Yglesias opines:
I know some liberals who are excited about the prospect of a joke candidate like Sarah Palin or Dick Cheney getting the GOP nomination in 2012. Not me. The basic fact of the matter is that power tends to alternate between the two political parties. Ultimately, the nation’s interests require both parties to nominate the best people possible. So I hope the Republicans find someone who’s very smart and compelling and does an excellent job of identifying and explaining the flaws in Barack Obama’s approach. Cheney couldn’t possibly win a presidential election…unless somehow he could, in which case the country would be set for a world of pain.
Palin, as Sam Tanenhaus ably demonstrates in his review of "Going Rogue," is not a joke candidate. Neither is Cheney.
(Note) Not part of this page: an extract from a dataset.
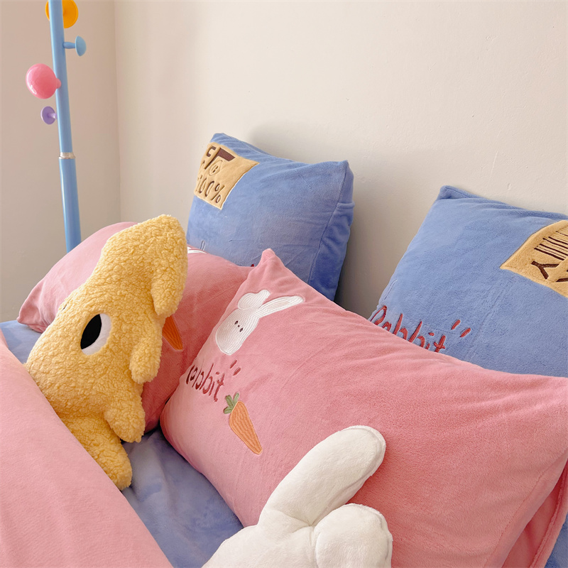 商品名称:星野 2023秋冬高克重牛奶绒贴布绣多巴胺系列四件套 萌兜兜

They represent a real populist and authoritarian option for a declining power. In the face of a bewilderingly changing world, they stand for white America, the extension of its power across the globe, the elevation of torture as a core American value, the permanent Israeli occupation of the West Bank, and American occupation of client states like Iraq and Afghanistan. They represent a contempt for addressing climate change, and an indifference to debt – both Palin and Cheney have records of appalling fiscal profligacy. They also represent religious fundamentalism as the core Republican political philosophy. Cheney supports a party that would strip his own daughter – and has stripped his own daughter – of basic civil rights. Palin would criminalize all abortion.
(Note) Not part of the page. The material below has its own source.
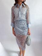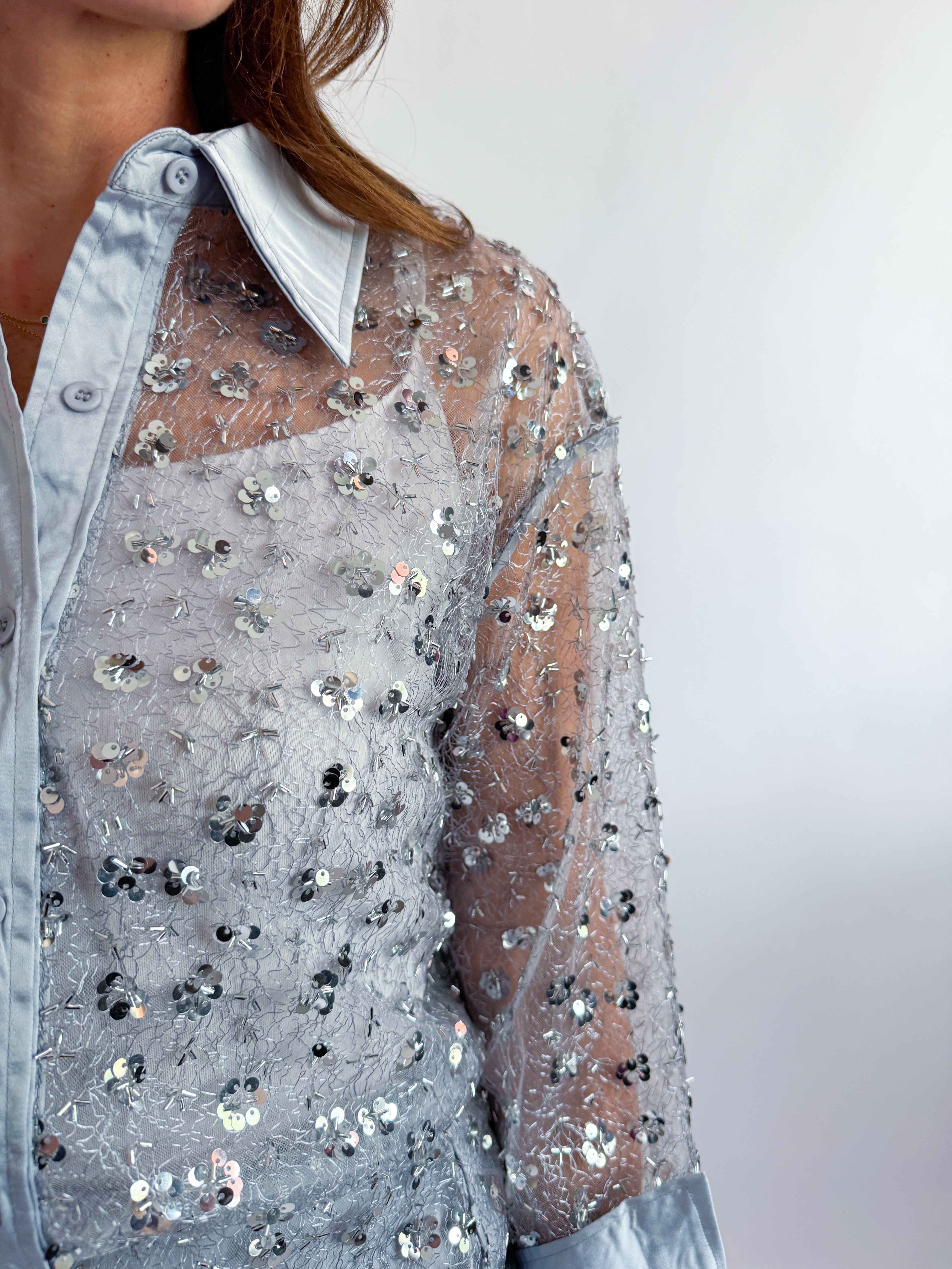 Shimmer and shine in this stunning Blue Slate Sequin Shirt! Covered in eye-catching sequins that catch the light with every move, this piece is perfect for nights out, special occasions, or whenever you want to feel absolutely fabulous. The rich blue slate color adds sophistication while the sequin detailing brings the glam. Whether you're dancing the night away or making an entrance, this shirt guarantees you'll turn heads. Dress it up with tailored pants or keep it fun with your favorite jeans—either way, you're guaranteed to sparkle!

The appeal of populist simplicity in complicated, demoralizing times is real and eternal. Obama has not in office been able to muster a scintilla of popular energy the way this rump right has. In fact, his moderate conservative governance has defused the energy of his campaign in ways that remain quite stunning. In this emotional game, the far right has the advantage of "us" vs "them." There are no real solutions to deep problems – no actual spending cuts proposed, nothing but the use of force abroad, nothing in energy policy but more carbon exploration, no immigration policy that isn't obsessed with resisting any sort of amnesty, and on and on.
One imagines that the American people – when they have to decide on a president who will actually have to govern – will turn away from a Palin. But that such a farce remains the most powerful figure on the right should sober anyone with complacency.
We live in a fundamentalist age. And there is only one fundamentalist party. Unless it is beaten repeatedly at the polls, it will at some point govern again.